Алексей всё точно посчитал по Техноснабу. Но и этих денег на счете не было. Все было израсходовано на текущие проценты и дивиденды, а также на частичный возврат Игорю его денег (пока что втайне от Ансимовых). Именно поэтому Быстровы не начали углубленный допрос, по глазам было видно, что ситуацию они видели глубже, чем Артур. Но это временная передышка. Через несколько дней, если ситуация никак не разрешится, Владимир поделится своими опасениями с компаньонами.
(Странно, но Алексей сообщил всем остатки по одному только Техноснабу, упустив из виду другие наши конторы в количестве трёх штук, на которых тоже должны были оставаться деньги, и которые тоже, как на Техноснабе, отсутствовали).

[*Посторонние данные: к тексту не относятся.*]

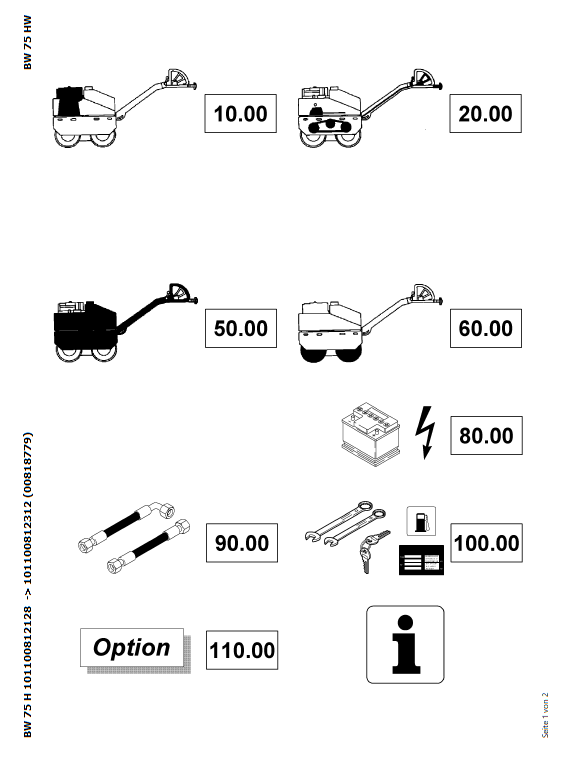 Download Complete Parts Catalogue Manual For Bomag BW 75, BW 75 H Walk-behind Double Drum Vibrat.Roller | Serial Number - 00818779 Pub. 101100812312
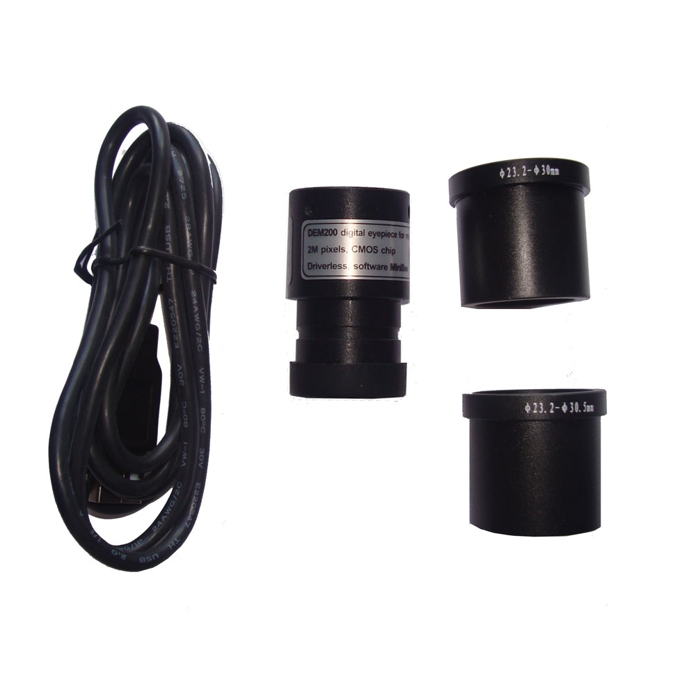 DEM-200 - профессиональная цифровая камера (2Mpix), разработанная для микроскопа. Совместима со всеми видами оптических микроскопов: Биологическими микроскопами, Металлургическими микроскопами, Стерео микроскопами и т.д. DEM-200 имеет высокую чувствительность, таким образом это превосходная камера для флуоресцентных и темнопольных микроскопов.

Доехав до Исаакиевской площади на такси, я пошёл в сторону банка. Я увидал Исаакиевский собор, гостиницу Астория, набережную Мойки, Мариинский дворец, вспомнил, что иду по Исаакиевской площади — площади-мосту, самому широкому в Петербурге, а может даже, во всей России, мосту. И эти привычные предметы внезапно показались мне необычными. Мои ноги вдруг отвыкли от мостовых, по которым я так часто и так долго ходил — то отяжелевшим шагом, когда был грустным или усталым, то более лёгкой походкой, когда думал о чём-то приятном или забавном. Город, вздымавший в серое небо свои купола и разноцветные крыши, казался мне чужим и далёким, полуреальным, не столько городом, сколько миражом города. И этот мираж всё сокращался. Люди и предметы представлялись мне далёкими и маленькими. Двое иностранцев, группа студентов, охранник бизнес-центра, попавшиеся мне навстречу, прошли мимо меня, словно на экране кинематографа, настолько казались они мне нереальными, живущими в какой-то другой жизни.
Поддавшись на несколько минут этим странным ощущениям, я опомнился.
«Ну вот, — подумал я, — город, где я прожил пять лет, вдруг показался мне чужим, потому что я собираюсь отсюда уехать на несколько дней, но что-то мне подсказывает, что дата возвращения остаётся открытой. Этот город утратил для меня свою реальность. Он больше не существует, поскольку перестал быть моим городом. Он пустое видение. „Город, которого нет“. И причина в том, что находящиеся здесь многочисленные и существенные предметы интересовали меня в той мере, в какой они меня касались. Как только я отдалился от них, они вышли из круга моего восприятия. Словом, и эти здания, и река Мойка, прикрытая подо мной площадью, перечеркнутая далеко впереди на уровне Гороховой улицы серой полоской моста и пропадавшая в том лабиринте гранитных набережных, необъятном нагромождении крыш, колоколен и куполов, имя которым — Санкт-Петербург; весь этот многолюдный город я ставил в связь только с одним собой и считал существующим только для меня одного. И если я уеду, он испарится. Я не подозревал, что мой разум доходит до такого безумия в своей субъективности. Не знаешь сам себя и можешь быть чудовищем, даже не подозревая этого».
Так я анализировал, обнаруживая примерную искренность. В два часа я зашел во Внешторгбанк — на автопилоте, по привычке, и поинтересовался у операционистки насчет движения денег. Она сообщила, что на корсчете висят два миллиона рублей, поступившие от Управления Октябрьской железной дороги. О которых компаньоны пока не знали.
«У меня есть ровно полдня!» — обрадовался я, восприняв это как удачу, за которой обязательно последуют другие более значительные события.
(Обычно исполнители с Октябрьской ж-д информировали Владимира о денежных переводах через полдня-день после того, как их бухгалтерия проведёт платёж. И я подумал, что если мне повезёт, они позвонят ему завтра, когда я уже уеду, а уж там в Волгограде я обязательно что-то решу).
Пропечатав платёжку, я вышел из банка в хорошем расположении духа. На завод доехал на такси, быстро добежал до офиса и вручил платёжку Алексею. Артур с Владимиром уже уехали.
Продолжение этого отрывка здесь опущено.